What is expected
Find each line below where the word "Correa" occurs, and copy it.

(Extracted data entries)
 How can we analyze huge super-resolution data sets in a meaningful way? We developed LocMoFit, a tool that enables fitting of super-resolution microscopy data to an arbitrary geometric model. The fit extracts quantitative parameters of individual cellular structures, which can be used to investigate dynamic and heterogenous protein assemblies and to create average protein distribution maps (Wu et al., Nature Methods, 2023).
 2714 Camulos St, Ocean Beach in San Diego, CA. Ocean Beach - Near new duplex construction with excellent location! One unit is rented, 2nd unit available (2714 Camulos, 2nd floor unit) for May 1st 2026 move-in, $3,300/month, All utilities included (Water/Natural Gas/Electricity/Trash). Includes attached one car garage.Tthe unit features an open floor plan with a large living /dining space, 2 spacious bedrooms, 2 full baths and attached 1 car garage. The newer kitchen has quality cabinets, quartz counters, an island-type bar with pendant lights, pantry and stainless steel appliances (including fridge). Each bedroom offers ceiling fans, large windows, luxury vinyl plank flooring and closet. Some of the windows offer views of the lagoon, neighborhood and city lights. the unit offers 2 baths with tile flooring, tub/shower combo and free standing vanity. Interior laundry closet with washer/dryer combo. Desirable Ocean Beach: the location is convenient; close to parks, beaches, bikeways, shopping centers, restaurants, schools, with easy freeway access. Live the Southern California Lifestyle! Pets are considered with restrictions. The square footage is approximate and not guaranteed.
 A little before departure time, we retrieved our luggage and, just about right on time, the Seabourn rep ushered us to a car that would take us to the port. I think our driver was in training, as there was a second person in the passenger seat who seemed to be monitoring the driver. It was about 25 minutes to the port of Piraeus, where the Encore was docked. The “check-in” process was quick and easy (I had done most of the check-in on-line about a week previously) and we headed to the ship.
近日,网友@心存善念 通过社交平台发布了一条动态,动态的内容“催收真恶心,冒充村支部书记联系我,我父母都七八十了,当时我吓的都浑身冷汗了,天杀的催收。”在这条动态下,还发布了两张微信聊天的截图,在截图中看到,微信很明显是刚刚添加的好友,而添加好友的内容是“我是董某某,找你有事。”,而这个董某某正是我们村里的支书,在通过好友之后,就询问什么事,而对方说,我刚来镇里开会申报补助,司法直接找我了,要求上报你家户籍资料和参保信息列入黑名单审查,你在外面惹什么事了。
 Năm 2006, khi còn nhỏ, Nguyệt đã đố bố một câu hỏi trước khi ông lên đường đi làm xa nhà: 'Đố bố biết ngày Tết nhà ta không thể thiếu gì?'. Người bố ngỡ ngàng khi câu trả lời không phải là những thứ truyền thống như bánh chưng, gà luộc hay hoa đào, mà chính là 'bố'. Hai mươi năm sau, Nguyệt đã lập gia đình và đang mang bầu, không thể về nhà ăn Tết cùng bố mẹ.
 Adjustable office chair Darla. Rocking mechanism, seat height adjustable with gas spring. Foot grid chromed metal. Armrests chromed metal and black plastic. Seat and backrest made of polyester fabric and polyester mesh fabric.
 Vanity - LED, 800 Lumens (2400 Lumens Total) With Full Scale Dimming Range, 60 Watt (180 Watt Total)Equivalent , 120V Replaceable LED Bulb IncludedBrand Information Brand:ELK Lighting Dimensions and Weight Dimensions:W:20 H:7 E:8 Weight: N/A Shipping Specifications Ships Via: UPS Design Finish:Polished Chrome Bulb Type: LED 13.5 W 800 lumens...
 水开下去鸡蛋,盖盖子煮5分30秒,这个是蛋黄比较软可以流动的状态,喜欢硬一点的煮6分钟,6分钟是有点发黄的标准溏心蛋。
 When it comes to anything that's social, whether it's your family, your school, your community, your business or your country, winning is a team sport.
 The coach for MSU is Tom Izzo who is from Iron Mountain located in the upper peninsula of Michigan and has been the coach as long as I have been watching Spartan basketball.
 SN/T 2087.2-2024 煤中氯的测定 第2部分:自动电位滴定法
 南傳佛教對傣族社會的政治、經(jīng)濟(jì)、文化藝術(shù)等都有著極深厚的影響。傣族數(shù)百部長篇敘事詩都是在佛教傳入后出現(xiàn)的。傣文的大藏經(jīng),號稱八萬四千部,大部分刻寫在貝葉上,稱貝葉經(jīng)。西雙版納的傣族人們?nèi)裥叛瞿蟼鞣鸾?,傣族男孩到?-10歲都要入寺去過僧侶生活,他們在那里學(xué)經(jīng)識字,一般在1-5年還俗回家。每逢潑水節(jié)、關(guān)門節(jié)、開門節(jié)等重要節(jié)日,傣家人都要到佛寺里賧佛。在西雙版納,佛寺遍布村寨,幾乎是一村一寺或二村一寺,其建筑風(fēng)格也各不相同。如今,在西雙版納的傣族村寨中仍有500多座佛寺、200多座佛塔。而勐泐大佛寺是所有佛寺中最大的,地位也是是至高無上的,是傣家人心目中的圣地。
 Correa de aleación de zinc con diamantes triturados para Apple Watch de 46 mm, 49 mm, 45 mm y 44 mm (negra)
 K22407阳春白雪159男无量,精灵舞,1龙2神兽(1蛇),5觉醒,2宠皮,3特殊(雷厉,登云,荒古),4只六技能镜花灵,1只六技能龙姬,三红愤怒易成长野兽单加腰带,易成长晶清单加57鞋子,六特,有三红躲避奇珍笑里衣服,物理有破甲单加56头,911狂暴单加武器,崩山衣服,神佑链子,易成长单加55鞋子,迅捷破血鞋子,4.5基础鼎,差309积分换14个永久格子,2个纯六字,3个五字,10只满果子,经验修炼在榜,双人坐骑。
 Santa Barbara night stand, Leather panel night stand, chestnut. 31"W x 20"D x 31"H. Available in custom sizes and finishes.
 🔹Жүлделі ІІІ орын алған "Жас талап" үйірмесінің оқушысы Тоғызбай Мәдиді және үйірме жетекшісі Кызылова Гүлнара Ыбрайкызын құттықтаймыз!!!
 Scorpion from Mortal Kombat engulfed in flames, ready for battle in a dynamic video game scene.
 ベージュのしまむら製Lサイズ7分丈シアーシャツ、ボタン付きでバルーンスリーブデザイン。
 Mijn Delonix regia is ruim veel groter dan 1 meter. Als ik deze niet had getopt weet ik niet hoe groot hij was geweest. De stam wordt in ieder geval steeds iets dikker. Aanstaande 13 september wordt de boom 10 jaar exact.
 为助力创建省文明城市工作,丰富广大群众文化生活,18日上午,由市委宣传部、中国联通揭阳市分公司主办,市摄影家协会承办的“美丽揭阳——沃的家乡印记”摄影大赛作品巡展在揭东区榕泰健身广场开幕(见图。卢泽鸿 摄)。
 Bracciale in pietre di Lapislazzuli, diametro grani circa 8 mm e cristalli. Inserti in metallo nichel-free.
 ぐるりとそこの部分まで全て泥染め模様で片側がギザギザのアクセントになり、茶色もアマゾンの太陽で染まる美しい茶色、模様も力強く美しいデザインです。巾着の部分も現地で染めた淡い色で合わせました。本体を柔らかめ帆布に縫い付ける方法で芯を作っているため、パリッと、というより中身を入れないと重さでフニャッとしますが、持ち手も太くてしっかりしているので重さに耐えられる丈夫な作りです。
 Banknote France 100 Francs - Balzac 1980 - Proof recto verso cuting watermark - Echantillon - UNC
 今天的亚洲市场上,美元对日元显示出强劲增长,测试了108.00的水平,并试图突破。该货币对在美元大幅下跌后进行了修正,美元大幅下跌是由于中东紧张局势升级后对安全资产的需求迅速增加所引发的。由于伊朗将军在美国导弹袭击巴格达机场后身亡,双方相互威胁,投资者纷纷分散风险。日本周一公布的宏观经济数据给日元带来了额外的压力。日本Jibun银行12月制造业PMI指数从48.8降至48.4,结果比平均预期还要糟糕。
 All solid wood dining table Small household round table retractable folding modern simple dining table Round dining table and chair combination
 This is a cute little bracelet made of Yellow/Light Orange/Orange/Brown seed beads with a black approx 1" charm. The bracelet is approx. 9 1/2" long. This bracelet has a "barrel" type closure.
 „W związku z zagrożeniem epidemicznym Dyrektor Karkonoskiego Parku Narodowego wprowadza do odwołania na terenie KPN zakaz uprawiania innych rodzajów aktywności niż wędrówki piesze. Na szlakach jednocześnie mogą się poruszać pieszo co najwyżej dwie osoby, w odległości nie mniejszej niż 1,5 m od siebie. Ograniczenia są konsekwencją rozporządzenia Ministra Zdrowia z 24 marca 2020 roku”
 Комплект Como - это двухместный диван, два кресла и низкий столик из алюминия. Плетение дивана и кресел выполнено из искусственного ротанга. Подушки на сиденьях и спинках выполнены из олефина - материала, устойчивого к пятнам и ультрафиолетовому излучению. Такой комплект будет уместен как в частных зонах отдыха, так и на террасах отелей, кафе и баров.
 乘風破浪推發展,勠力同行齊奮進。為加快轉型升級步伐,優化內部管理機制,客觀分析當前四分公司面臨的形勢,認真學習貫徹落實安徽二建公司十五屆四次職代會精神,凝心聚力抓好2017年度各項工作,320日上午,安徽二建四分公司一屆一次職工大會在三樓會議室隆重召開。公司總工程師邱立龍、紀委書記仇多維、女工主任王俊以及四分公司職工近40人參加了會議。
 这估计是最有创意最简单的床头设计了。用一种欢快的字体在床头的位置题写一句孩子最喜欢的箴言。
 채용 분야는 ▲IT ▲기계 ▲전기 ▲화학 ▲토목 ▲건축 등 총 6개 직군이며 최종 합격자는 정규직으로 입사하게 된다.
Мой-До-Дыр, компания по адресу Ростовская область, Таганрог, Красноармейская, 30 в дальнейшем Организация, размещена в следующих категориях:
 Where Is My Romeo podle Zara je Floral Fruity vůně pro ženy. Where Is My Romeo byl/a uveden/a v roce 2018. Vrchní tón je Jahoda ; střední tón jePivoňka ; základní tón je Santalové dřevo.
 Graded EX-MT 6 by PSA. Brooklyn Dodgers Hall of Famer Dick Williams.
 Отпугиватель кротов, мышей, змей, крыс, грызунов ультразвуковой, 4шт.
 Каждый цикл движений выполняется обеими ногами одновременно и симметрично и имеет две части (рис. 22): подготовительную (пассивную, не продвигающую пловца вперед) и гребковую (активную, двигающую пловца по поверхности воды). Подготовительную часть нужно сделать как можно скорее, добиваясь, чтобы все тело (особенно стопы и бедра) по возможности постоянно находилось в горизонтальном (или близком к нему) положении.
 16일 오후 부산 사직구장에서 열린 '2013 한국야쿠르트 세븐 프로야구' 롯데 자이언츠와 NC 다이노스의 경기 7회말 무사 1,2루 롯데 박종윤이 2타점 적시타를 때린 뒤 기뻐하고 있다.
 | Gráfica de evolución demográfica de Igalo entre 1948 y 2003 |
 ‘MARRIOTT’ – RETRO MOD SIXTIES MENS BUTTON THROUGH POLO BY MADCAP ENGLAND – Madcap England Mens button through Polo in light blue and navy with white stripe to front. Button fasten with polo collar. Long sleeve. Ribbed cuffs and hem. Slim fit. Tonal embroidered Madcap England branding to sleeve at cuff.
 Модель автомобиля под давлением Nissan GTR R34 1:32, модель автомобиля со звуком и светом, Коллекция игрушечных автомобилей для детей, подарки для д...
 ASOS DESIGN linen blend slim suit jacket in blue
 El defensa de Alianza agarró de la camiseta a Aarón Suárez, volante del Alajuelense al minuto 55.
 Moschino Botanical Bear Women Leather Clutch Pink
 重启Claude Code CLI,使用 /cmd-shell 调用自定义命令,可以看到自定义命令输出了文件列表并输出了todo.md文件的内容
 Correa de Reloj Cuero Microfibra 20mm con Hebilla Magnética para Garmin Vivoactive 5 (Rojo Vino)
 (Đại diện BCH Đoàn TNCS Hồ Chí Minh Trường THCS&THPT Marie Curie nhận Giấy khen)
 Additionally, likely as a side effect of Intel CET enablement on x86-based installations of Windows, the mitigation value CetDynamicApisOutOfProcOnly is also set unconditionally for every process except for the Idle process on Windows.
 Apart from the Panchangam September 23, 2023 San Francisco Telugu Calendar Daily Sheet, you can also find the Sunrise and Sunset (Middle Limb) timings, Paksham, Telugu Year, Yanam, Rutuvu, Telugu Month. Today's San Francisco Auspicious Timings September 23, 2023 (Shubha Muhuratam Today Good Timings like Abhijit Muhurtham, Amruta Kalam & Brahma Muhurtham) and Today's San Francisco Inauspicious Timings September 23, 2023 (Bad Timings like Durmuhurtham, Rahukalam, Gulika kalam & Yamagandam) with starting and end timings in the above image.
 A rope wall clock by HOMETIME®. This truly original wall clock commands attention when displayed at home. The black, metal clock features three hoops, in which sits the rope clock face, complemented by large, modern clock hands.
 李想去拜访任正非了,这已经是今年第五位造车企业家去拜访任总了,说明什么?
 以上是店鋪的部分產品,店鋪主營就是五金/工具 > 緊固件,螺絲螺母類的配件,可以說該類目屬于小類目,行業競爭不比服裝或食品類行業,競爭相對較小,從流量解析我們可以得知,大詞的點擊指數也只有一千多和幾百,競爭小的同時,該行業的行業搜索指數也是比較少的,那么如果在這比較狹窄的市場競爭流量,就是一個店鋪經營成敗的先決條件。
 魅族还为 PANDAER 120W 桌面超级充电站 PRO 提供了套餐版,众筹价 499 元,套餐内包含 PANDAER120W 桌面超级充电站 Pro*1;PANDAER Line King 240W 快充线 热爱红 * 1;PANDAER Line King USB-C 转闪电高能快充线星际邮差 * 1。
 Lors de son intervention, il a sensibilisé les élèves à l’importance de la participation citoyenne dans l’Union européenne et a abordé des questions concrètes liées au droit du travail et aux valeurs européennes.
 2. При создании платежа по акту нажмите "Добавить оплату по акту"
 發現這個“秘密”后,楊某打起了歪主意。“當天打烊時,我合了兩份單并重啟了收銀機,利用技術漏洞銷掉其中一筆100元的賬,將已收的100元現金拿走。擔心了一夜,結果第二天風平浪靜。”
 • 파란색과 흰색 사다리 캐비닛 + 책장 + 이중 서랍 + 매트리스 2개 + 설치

The answer
 Correa de aleación de zinc con diamantes triturados para Apple Watch de 46 mm, 49 mm, 45 mm y 44 mm (negra)
 Correa de Reloj Cuero Microfibra 20mm con Hebilla Magnética para Garmin Vivoactive 5 (Rojo Vino)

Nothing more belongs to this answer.